- Born: Antonio José Muñoz y Valcárcel 19 November 1958 (age 66) Sidi Ifni, Spanish Sahara (now part of Morocco)
- Occupation(s): Adventurer, scientist
- Spouse: Princess Kalina of Bulgaria ​ ​(m. 2002)​
- Children: Simeón Hassan Muñoz
- Parent(s): Luis Muñoz y Cebrián Isabel Valcárcel y Muñoz

= Kitín Muñoz =

Spanish navigator, scientist and sociological explorer

Antonio José Muñoz y Valcárcel (born 19 November 1958), commonly known as Kitín Muñoz, is a Spanish adventurer, scientist and former commando. He was appointed a UNESCO Goodwill Ambassador in 1997.

==Life and career==
Inspired by Thor Heyerdahl, Muñoz made three attempts to cross the Pacific Ocean, two of which failed, and one failed attempt to cross the Atlantic Ocean to prove that ancient seafarers sailing in reed boats could have crossed the oceans before the European expeditions of the 15th century.

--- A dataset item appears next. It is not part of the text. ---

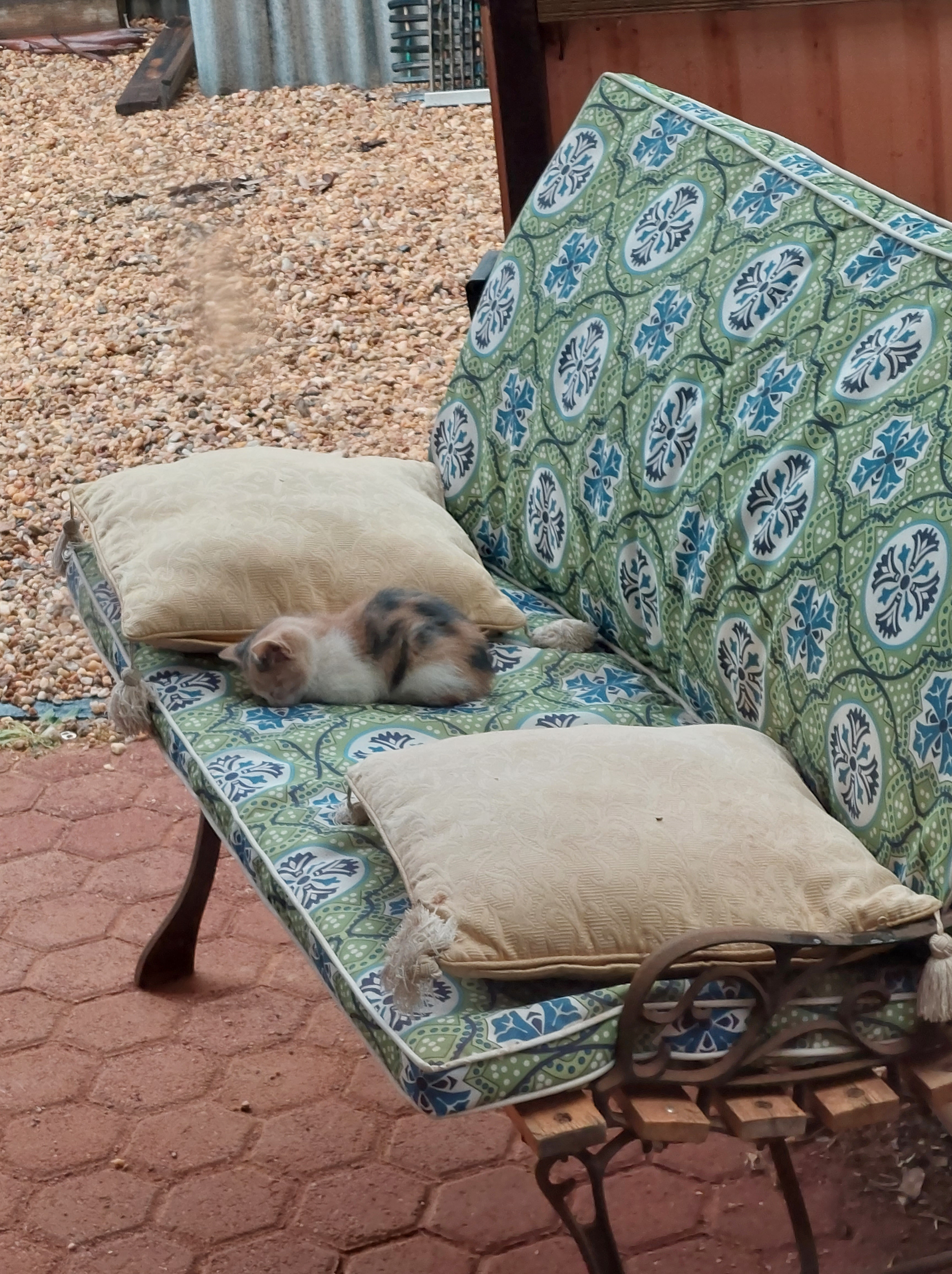 day I wrote that I had somehow acquired cats and then discovered that I also had kittens wandering about. I have found that cats and kittens seem to vanish for much of the day then in the afternoon and for most of the night ( I think) they gather to sleep on the park bench. Still haven’t figured out what the nose rubs between Benji and one of the cats, meant although I have been told by someone
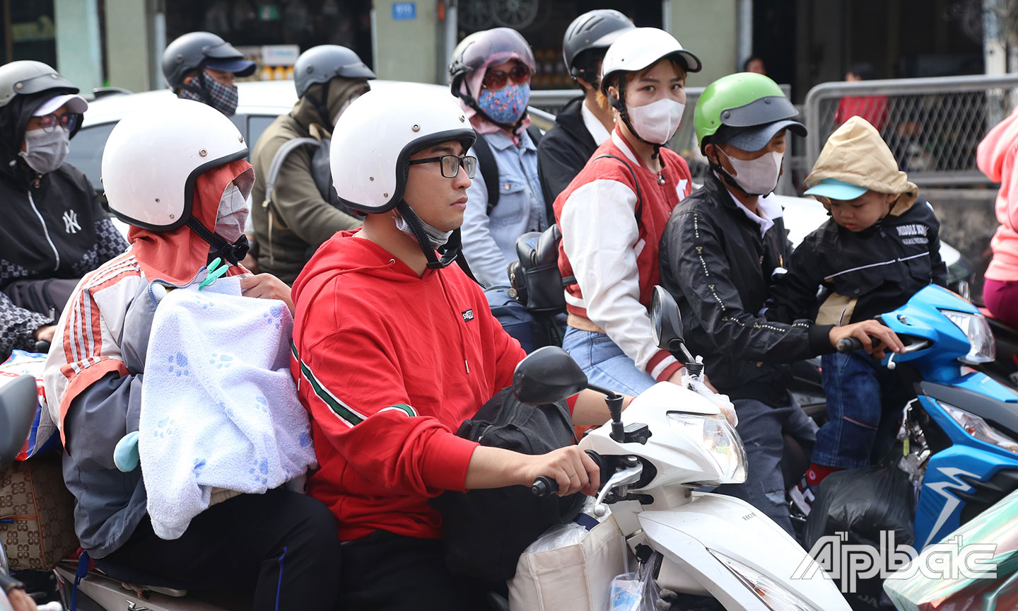 Theo ghi nhận của phóng viên, lượng phương tiện lưu thông tăng cao, đặc biệt là trên các tuyến Quốc lộ 1, 50, 60, cao tốc TP. Hồ Chí Minh - Trung Lương - Mỹ Thuận. Đông nhất vẫn là xe máy, từng dòng xe, dòng người tất bật, hối hả... về quê sum họp cùng gia đình sau một năm xa quê làm việc vất vả.

Muñoz is also a former member of the Spanish Army special forces (the Mando de Operaciones Especiales), and an honorary consul of Morocco.

===Marriage===
On 26 October 2002, Muñoz married Princess Kalina of Bulgaria, Duchess of Saxe, Countess of Murány, only daughter of Simeon II of Bulgaria. The royal wedding was the subject of a television documentary.

Their son, Simeon Hassan Muñoz, was born on 14 March 2007 in Sofia, Bulgaria. In 2015, Muñoz, Kalina, and their son were living near Rabat, in Morocco.

==Honours==
===Dynastic===
- House of Saxe-Coburg-Gotha-Koháry: Grand Officer of the Order of Saint Alexander (1 July 2024).